The Queensbury High School Class of 2023 learned three important lessons during graduation Friday night.
Retiring science teacher Patrick Smith told Queensbury graduates to look up from their phones and listen to each other.
“We all listen to the news, we listen to podcasts, our playlists, the weather forecast, TikTok to get our life instructions for the day,” Smith said. “I’m asking that you get better at listening to people — the people that you know.”
He also told graduates to think before they speak, judge or act and to be nice to people.
“Contrary to what might seem to be popular belief,” Smith said, “it’s still OK to be nice!”
Dressed in blue gowns, 246 seniors became Queensbury High School graduates during an evening ceremony at the Cool Insuring Arena in Glens Falls on Friday, June 23. As is tradition, the ceremony started with a bagpipe introduction before the seniors marched into the arena to “Pomp and Circumstance,” played by the school’s combined orchestra and band students. The QHS Madrigals sang the National Anthem and the school’s alma mater.
Superintendent of Schools Kyle Gannon took the students back to their days at Queensbury Elementary School, where they learned the phrase, “Work hard, do your best, achieve your dreams at QES.”
He recalled their days at the William H. Barton Intermediate School, Queensbury Middle School, and finally, their last four years of high school.
“What a journey it has been for each of you thus far,” Gannon said.
At the end of his speech, Gannon held over his head a sign with the word “Believe” painted on it as the Journey song “Don’t Stop Believin’” played. He shared 12 leadership lessons gleaned from the show “Ted Lasso.”
“I want the Class of 2023 to know that we here at Queensbury Union Free School District believe in you,” Gannon said. “We believe you will be happy. We believe you will succeed. We believe you are prepared to go out into the world. We believe in you.”
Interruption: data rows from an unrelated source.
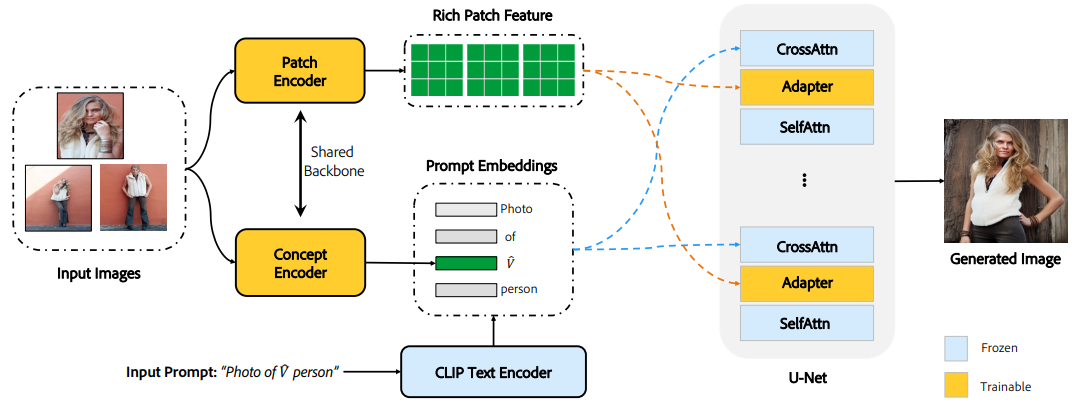 Fine tuning 없는 T2I 모델의 개인화가 목표.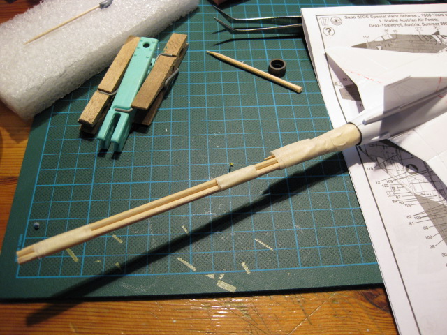 För att underlätta vid sprutmålningen har jag tejpat ihop tre-fyra kebabpinnar och lindat papperstejp i änden och tryckt in den där bak på planet. Pinnen är lätt att hålla i och att manövrera modellen med.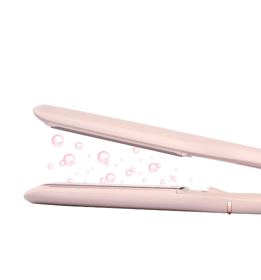 ヒートプレートの下部に搭載された噴射⼝からマイナスイオンが噴射され、髪全体に⽔分を⾏き渡らせます。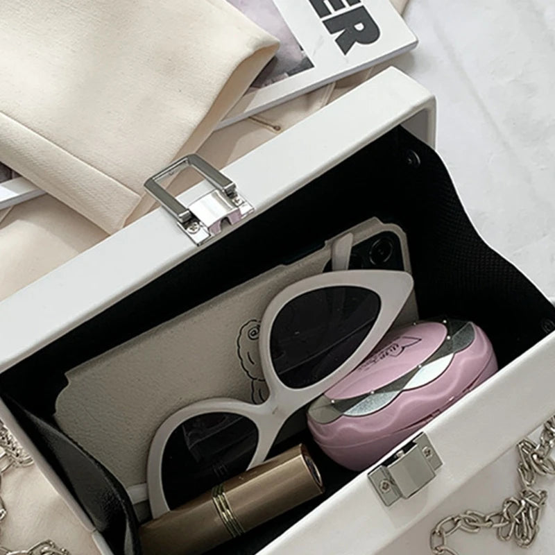 This creative box messenger bag is a fun and stylish accessory for women. Made of high-quality PU leather, it features a unique cartoon design that adds a touch of personality to any outfit.
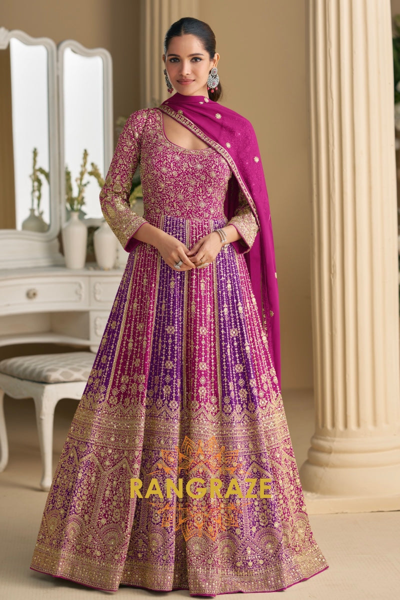 Purple Pink Premium Georgette Designer Anarkali Suit Set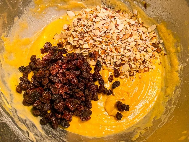 He also calls for walnuts or pecans, but I only had slivered almonds. So I toasted those, chopped them, and added them along with the raisins.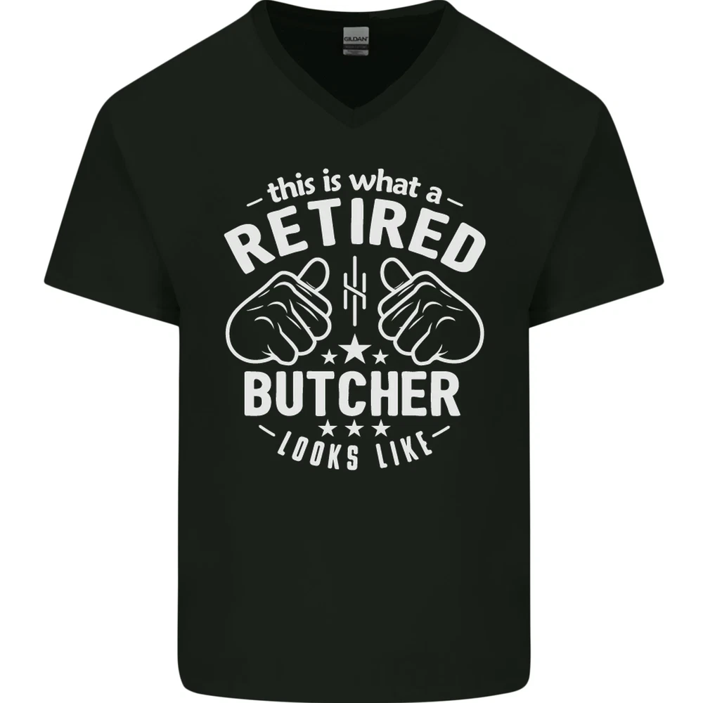 This Is What a Retired Butcher Looks Like Mens V-Neck Cotton T-Shirt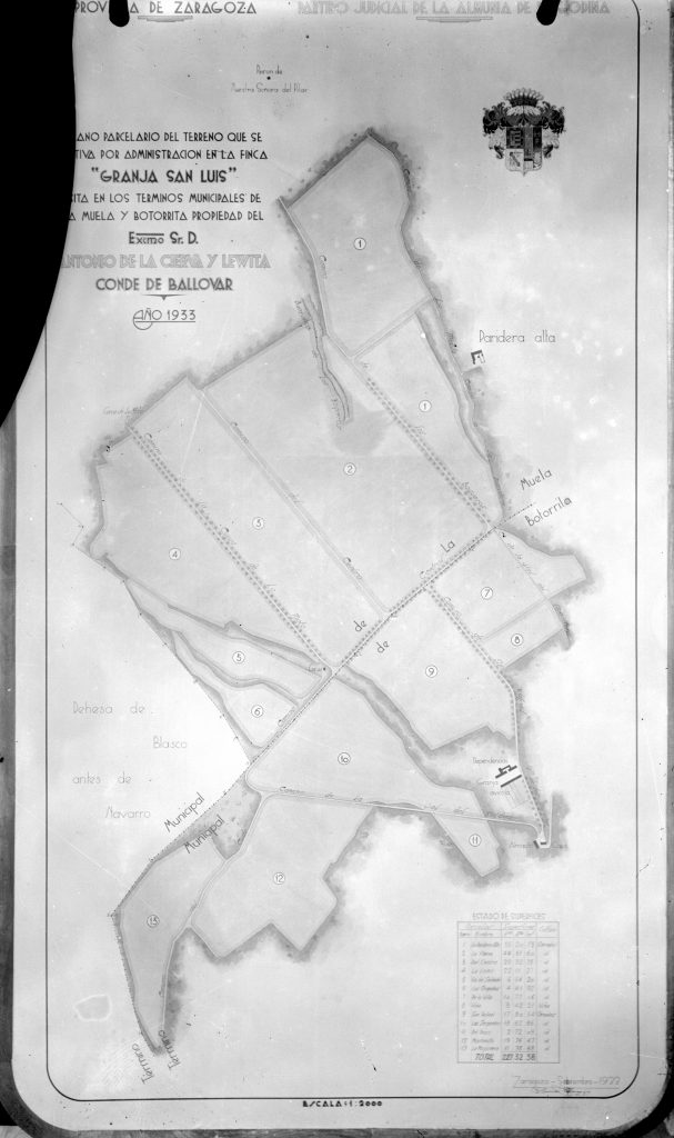 Plano de la finca «Granja San Luis» (La dehesa), propiedad de los condes de Ballobar, año 1933.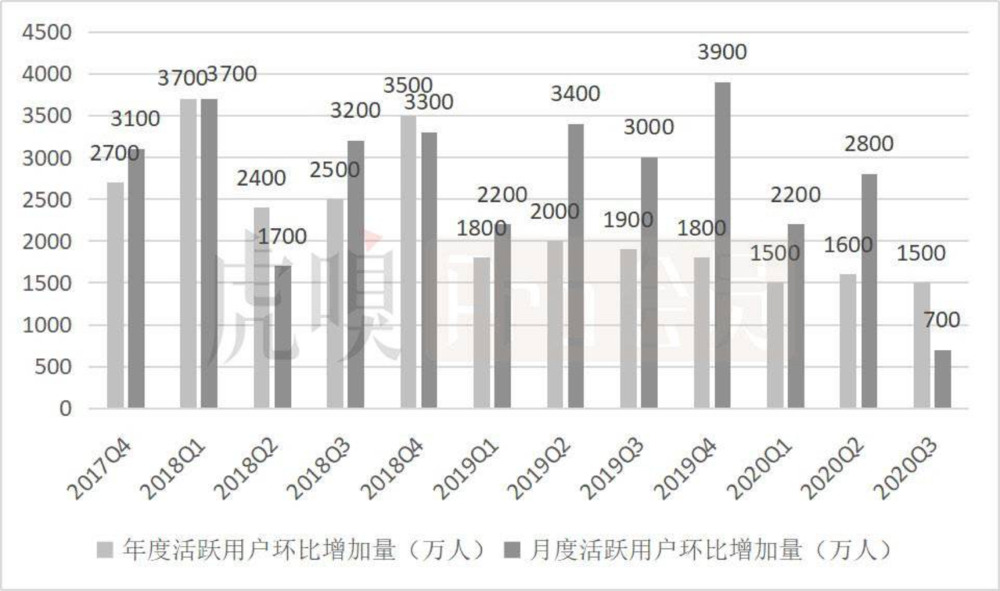 据阿里最新财报显示,截至2020年三季度末,阿里年度活跃消费者达到7.57亿,环比增长1500万,月度活跃用户达到8.81亿,仅环比增长700万。但从下图可看出:无论年活还是月活,环比增加量几乎创历史新低,尤其是Q3月活。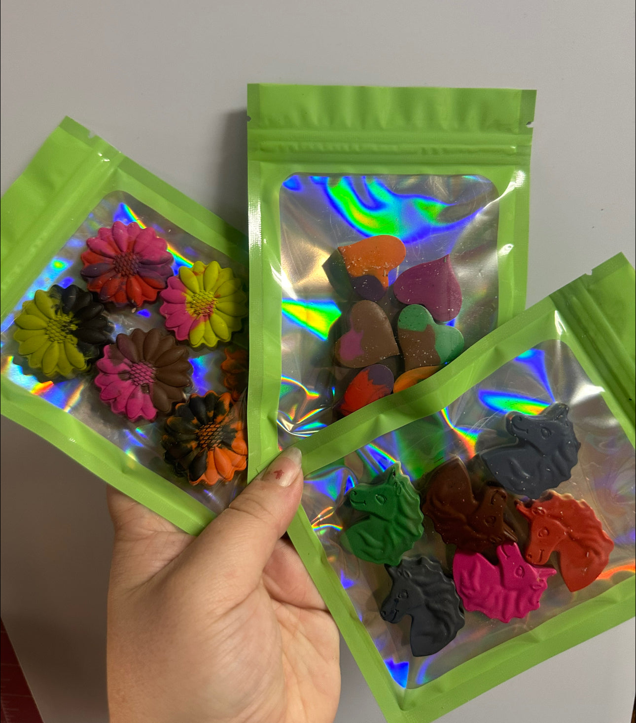Made to order - colors at random. 6 crayons per pack , mystery shape - so many themes not shown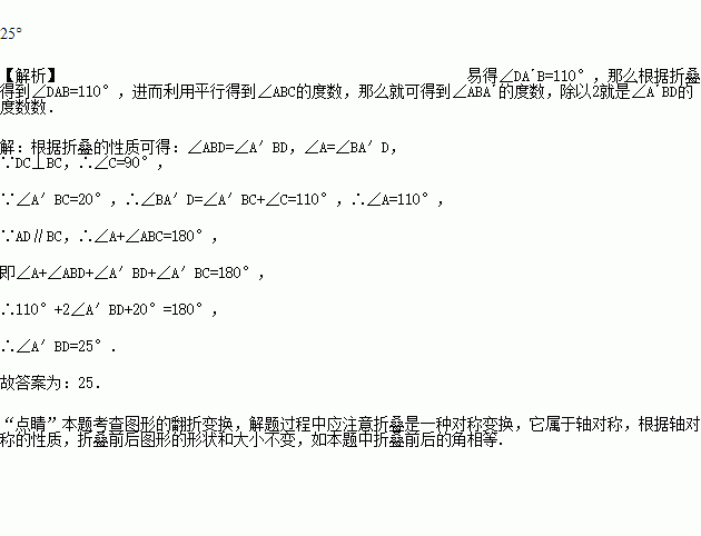 如图,梯形ABCD中,AD∥BC,DC⊥BC,将梯形沿对角线BD折叠,点A恰好落在DC边上的点E处,若∠EBC=20°,则∠EBD的度数为_________.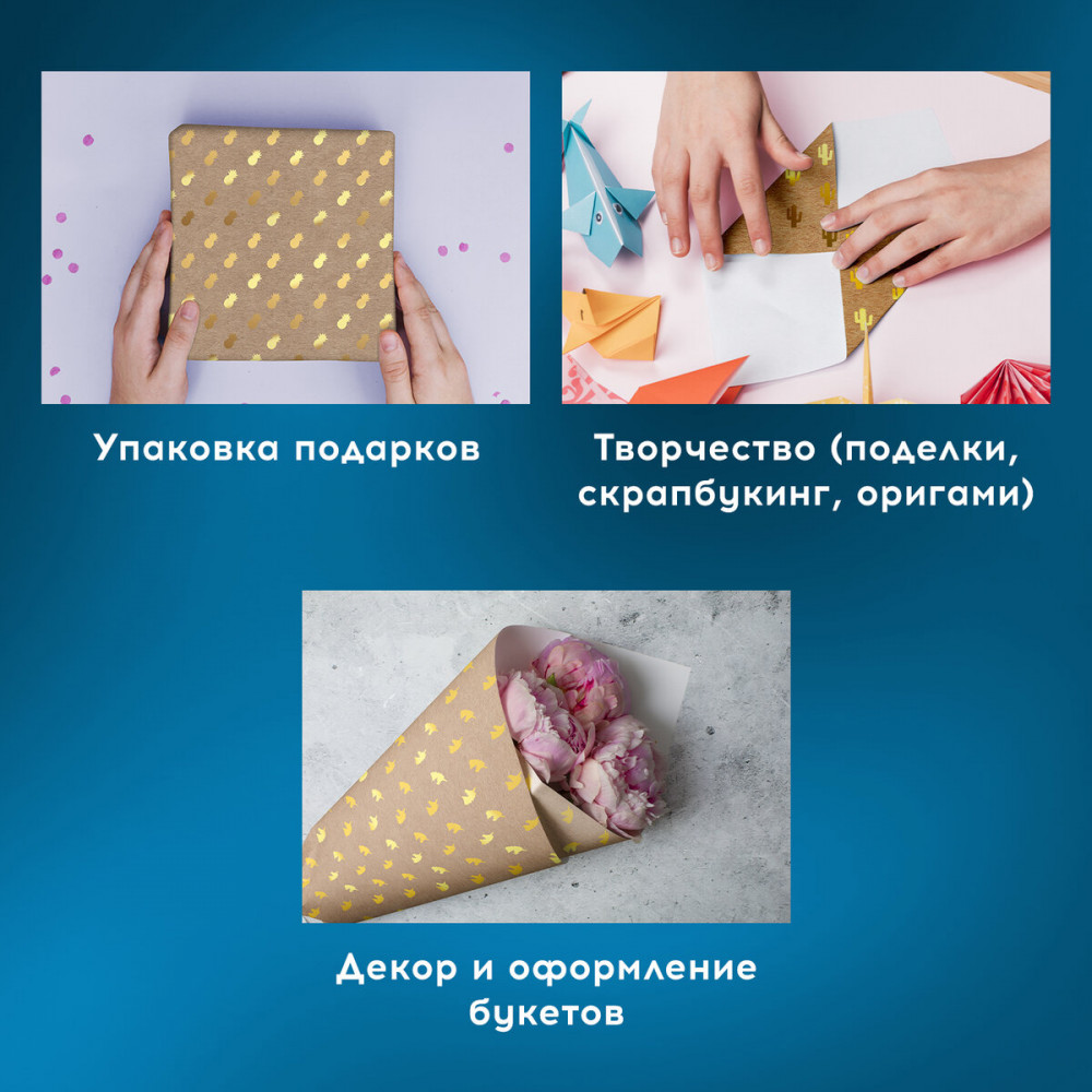 Набор упаковочной крафт-бумаги с золотистым фольгированием «Trendy Kraft» отлично подходит для упаковки подарков, а также для рукоделия, декора и других дизайнерских решений. Упаковочная бумага — отличный способ придать особый статус подарку, а также ее можно использовать в творчестве для различных поделок, оригами, скрапбукинга. |

Queensbury senior Carter Olson told his classmates that going to school was a lot like the lifecycle of a frog.
“For the longest time, many of us measured our progress through life like a frog hopping across a pond,” Olson said, “advancing from one lily pad to the next. The only thing that mattered was successfully completing each grade level and making the leap to the next lily pad on the journey to the end.”
Olson reminded his classmates to look for the joy buried beneath the surface of their brains.
“This is one of the great ironies of growing up,” he said. “That with all the new knowledge and skills and critical thinking that we are acquiring, we can sometimes leave the most important stuff behind. We are frogs who have forgotten how to swim because we are too busy stretching our legs.”
Senior Meredith Montgomery thanked Queensbury for being her refuge for so many years.
“I encourage you to think of the people and things that have decorated your mind with possibilities and comfort these past years,” Montgomery told her fellow graduates. “I encourage you, on the path to your future, to make your mind the most interesting place in the world to live, with paintings of memories and a kitchen of smells that remind you of everything that makes this little room in your mind so special.”
Queensbury High School Principal Andrew Snide encouraged the graduates to be kind.
“Kindness is the thread that weaves together the very fabric of our humanity,” Snide said. “It’s the gentle touch that can heal wounds, the words of compassion that can lift spirits, and the acts of empathy that can change lives.”
It only takes 30 seconds to truly make a difference, Snide said.
“Building culture 30 seconds at a time, requires intention. It requires us to be present, to be aware of our impact on others, and to choose kindness over indifference,” Snide said. “It is the collective effort of every individual within our community that shapes the culture we hope for.”